NASHVILLE — The Tennessee General Assembly has approved a universal voucher bill, the Education Freedom Act of 2025.
It is to spend up to $447 million on publicly funded vouchers for up to 20,000 students to attend private schools, starting in the next school year.
Among the all-Republican Northeast Tennessee lawmakers, the delegation Thursday split 5-4 with the majority voting against Gov. Bill Lee's voucher legislation during a special session that started Monday. Lee is expected to sign it into law and have is start with the 2025-26 school year.
Voting no were state Sen. Bobby Harshbarger of Kingsport and state Reps. Rebecca Alexander of Jonesborough, David Hawk of Greeneville, Gary Hicks of Rogersville and Renea Jones of Erwin.
Those voting yes were state Reps. Tim Hicks of Gray, Timothy Hill of Blountville, John Crawford of Kingsport and Bud Hulsey of Kingsport.
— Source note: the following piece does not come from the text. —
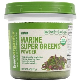 BareOrganics Marine Super Greens Powder | USDA Organic, Gluten-Free, Vegan, Non-GMO, BPA-Free | Kelp, Chlorella, Spirulina, 8oz..

The program is an expansion of a voucher program in Shelby, Davidson and Hamilton counties, which had been limited to 5,000 but never served that many. It also drew supportive comments from President Donald Trump, who is pushing the streamlining of school choice nationwide.
The program is to pay $7,075 per student attending a private school but not lessen state funding for public school systems that lose students to private schools.
However, opponents argued the outcomes funding and other additional funding from the state mean most students generate about $12,000 or $13,000 in state funding, plus the state has no control over local governments that could reduce funding as enrollment declined.
Area school boards, including those in Sullivan County, Kingsport and Bristol, Tennessee, and the Hawkins County Commission went on record opposing the plan, but the eight Northeast Tennessee county mayors signed a letter in support of it.
At least one change: The legislation was amended to require local school boards sign off on the program before their teachers receive a $2,000 state bonus. The original bill would have given the money automatically.